Copilot Evaluation & the 2025 Copilot Report

Designed Copilot's core evaluation infrastructure and co-led the analysis of 37.5M conversations—the largest empirical study of AI usage ever conducted.

Federal Appointment

U.S. Census Bureau Scientific Advisory Board

Appointed by the Department of Commerce to advise on the design, operation, and modernization of how the U.S. measures its population and economy. Served 2022–2025.

In the Press

Featured in Major Outlets

My work has been covered in Science, The Atlantic, the Associated Press, Axios, ABC News, and international media.

Apple Maps

Building a Map of the World

Served as interim DRI for Apple's effort to build a map from scratch. Developed patented technology using mobile sensor data to detect and correct map errors at scale.

Scientific Impact

~50 Publications & Major Awards

Published in PNAS, Demography, SIGIR, and more. Authored Urban Analytics (Sage, 2018). Recognized with the AAG Distinguished Scholar Award, the ASA's Spatial Analysis & Intergovernmental Statistics (SPAIG) Award, and the Michael Breheny Prize.

University Leadership

Inaugural Chief Data Officer, CU Boulder

Directed strategy, institutional research, and digital transformation for a 35,000+ student institution. Led a team of 40+ staff and contractors.

Current Research

Active lines of inquiry at the frontier of AI measurement, user understanding, and evaluation theory.

01

Evaluating AI at Scale with LLM Judges

How do you know if an AI system is actually helping people?

Building complex agentic evaluation systems that use LLM judges to assess product experiences in real time. This work lands as Copilot’s primary KPI—the Session Success Rate—which Microsoft AI CEO Mustafa Suleyman discusses in the press as the metric he optimizes above all others. These systems go beyond simple accuracy to evaluate whether conversations are genuinely useful, safe, and aligned with what users need—across millions of interactions.

02

Synthetic Users & Simulation-Based Intelligence

Can you build synthetic agents realistic enough to pass a Turing test—and then scale them?

Creating synthetic user agents, grounded in AI-mediated interviews with real people, that are realistic enough to stand in for actual users.
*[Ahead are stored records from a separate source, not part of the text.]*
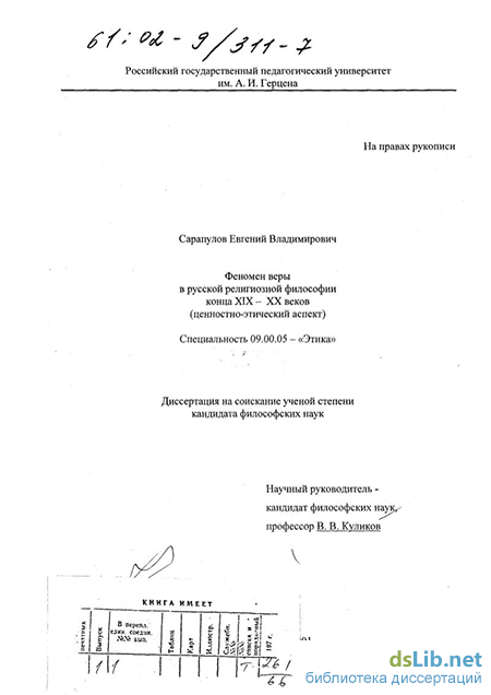 На основе этимологического анализа слова «вера» диссертант пытается проследить ее становление и развитие в русской культуре. Все это позволяет выявить специфику ценности веры, особенно ее этической окрашенности, в менталитете не только русского, но и в целом славянского народа.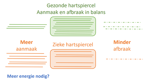 Resultaten: Met behulp van een zogenaamde proteomics analyse hebben we onderzocht welke veranderingen optreden in het hart van kinderen met een hartziekte, en een vergelijking gemaakt met gezonde harten en harten van volwassenen met een hartziekte. Proteomics is een combinatie van twee woorden, proteïne wat eiwit betekent, en –omics, wat zoveel betekent als ‘heel veel dingen meten’. M.a.w. we meten heel veel eiwitten in het hart. Onze analyse liet zien dat de twee mogelijke oorzaken die we hadden bedacht niet kloppen. De processen die betrokken zijn bij de aanmaak van hartspiercellen zijn juist extra actief in het hart van kinderen met een hartziekte. Tevens zijn de processen die betrokken zijn bij het afbreken van spiercellen minder actief (onderstaand figuur). Op grond van deze proteomics lijkt het erop dat het hart er alles aan doet om de bouwstenen in stand te houden, maar dat het helaas niet voldoende is, en het kost mogelijk heel veel energie. De energie die gestopt wordt in het aanmaken van de bouwstenen kan dan niet gebruikt worden voor andere belangrijke processen in het hart.
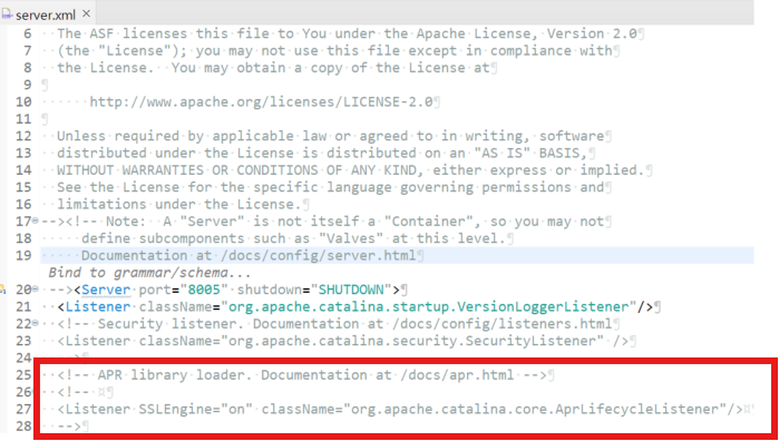 <Listener SSLEngine="on" className="org.apache.catalina.core.AprLifecycleListener"/>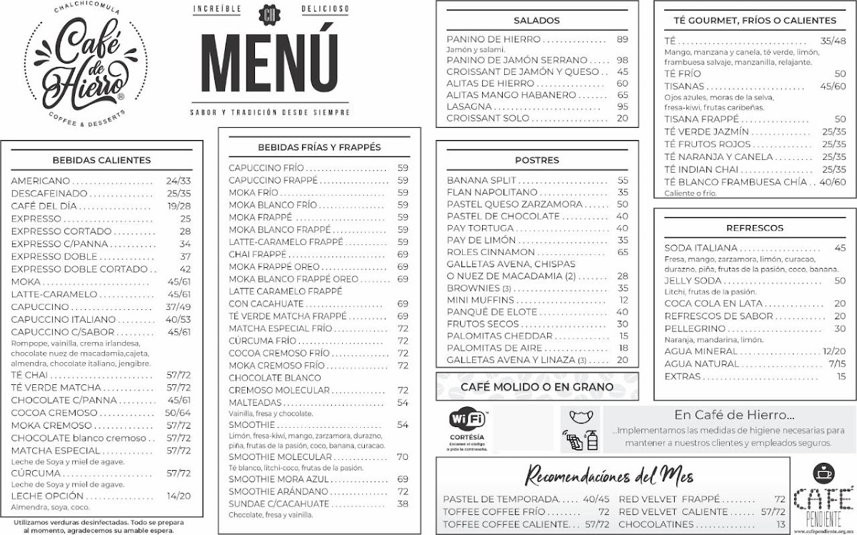 Welcome to Cafe De Hierro, nestled in the vibrant Centro Histórico of Cdad. Serdán, Pue. This charming café offers an inviting atmosphere where comfort meets aesthetics, creating the perfect spot to unwind. The menu boasts a delightful array of beverages, from classic favorites like rich cappuccinos to innovative concoctions that tantalize the taste buds. Customers consistently rave about the excellent quality and reasonable prices, making every visit an affordable indulgence.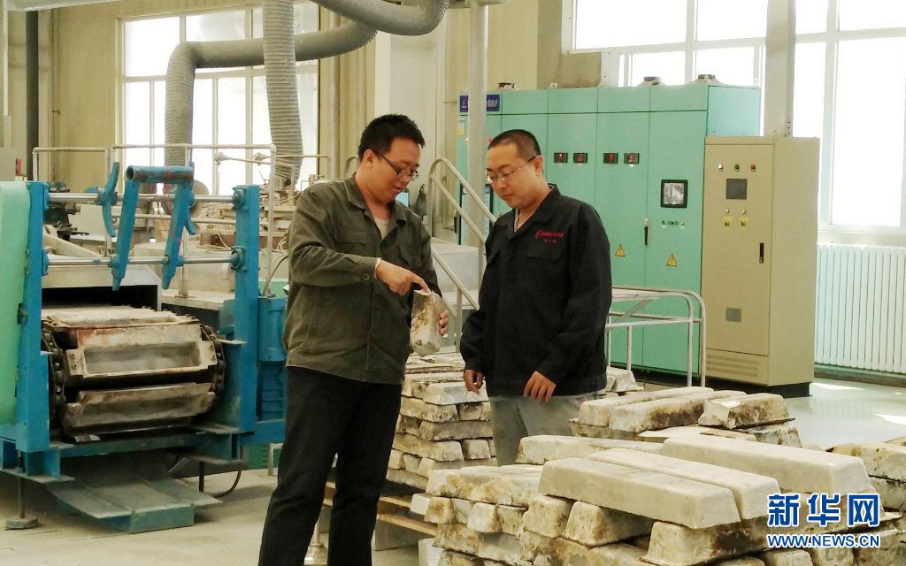 在內(nèi)蒙古包頭稀土研究院,科研人員胡文鑫(左)和同事分析合金斷面(資料照片)。新華社發(fā)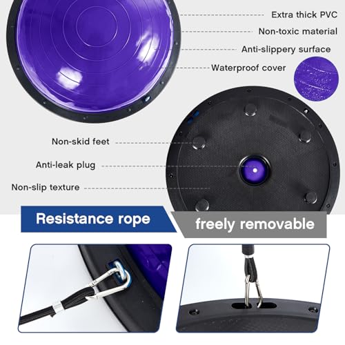 Sturdy and Reliable: the purple half exercise ball is made of PVC material, reliable and serviceable, and can support up to 880 pounds, with a large size of about 18 inches, comfortable for exercise; In addition, the top and bottom are designed with non slip texture surface, so that sweaty hands and feet can stay still and do not slide when training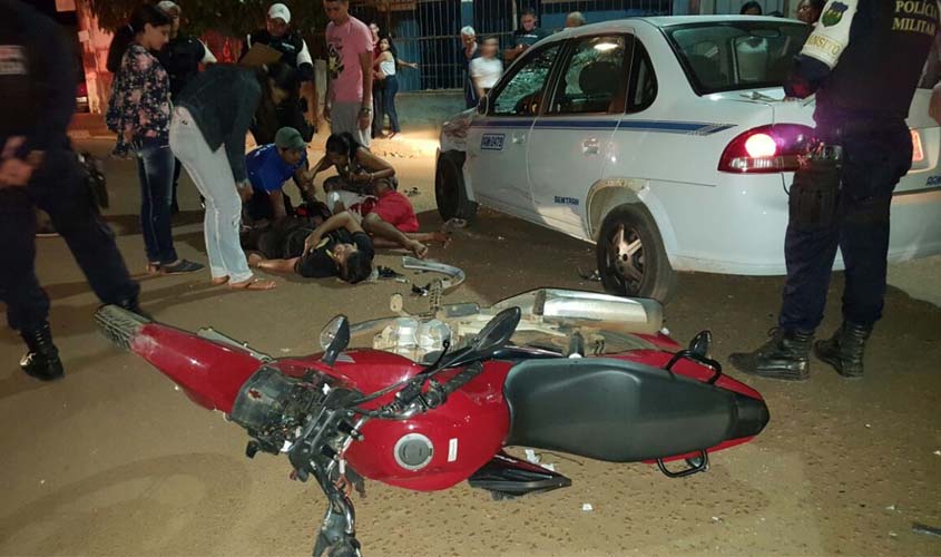 Porto Velho, Rondônia - No final da noite desse domingo (28), um jovem motoqueiro ficou em estado grave e a passageira sofreu pequenas escoriações após sofreram um acidente de trânsito. O casal estava muma moto Honda Titan e seguia na Avenida Geraldo Siqueira . Ao tentar fazer a conversão na Rua Tomás Édson, no bairro Cidade Nova, a moto bateu de frente com um táxi.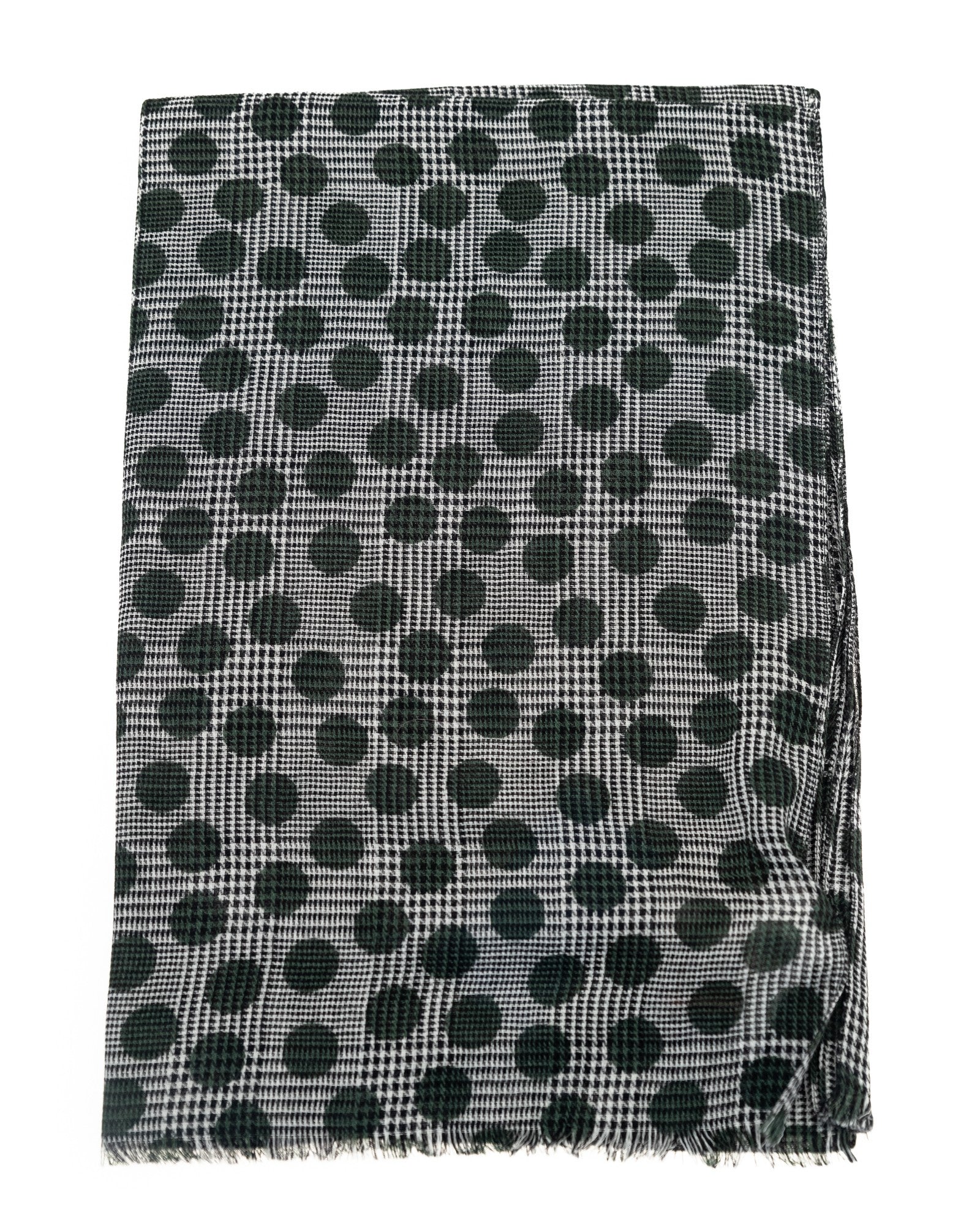 Pashmina sciarpa di Altea in lana e seta in fantasia pied du poule e pois grandi verdi. Dimensioni:60X180cm. Made in Italy

The goal is to scale these agents into populations that enable deep product insights, competitive intelligence, and “soft flights”—running A/B experiments against synthetic users rather than launching to the public and waiting weeks for results. This compresses the experimentation cycle from weeks to hours while surfacing blind spots that traditional research misses.

03

Validity of Metrics in Large-Scale AI Systems

When you measure a billion interactions, what are you actually measuring?

Every metric carries a validity gap—the distance between what you think you’re measuring and what your metric actually captures. In large-scale AI and search systems, this gap can have profound consequences for products and organizations, because subtle choices in measurement design compound into consequential differences in what gets optimized. This research develops theoretical foundations for understanding and closing the validity gap in metrics that shape products used by hundreds of millions of people.

04

The Collective Consequences of AI-Mediated Decisions

What happens when millions of personal decisions are shaped by AI?

There is a broad literature—in the press, in academia, and from major labs—about how AI is poised to reshape the future of work: jobs displaced, productivity gained. But recent research from Microsoft and OpenAI has shown that people discuss personal matters with AI more often than professional ones. These aren’t trivial queries—they’re about what to buy, what to study, how to maintain health and well-being, what to do on a Sunday afternoon. AI now supports decisions ranging from the minor and routine to the major and life-altering. What are the collective consequences of these millions of AI-mediated choices? We are working to better understand and build a theoretical framework for how personal decisions made with AI aggregate into broader social and economic impacts.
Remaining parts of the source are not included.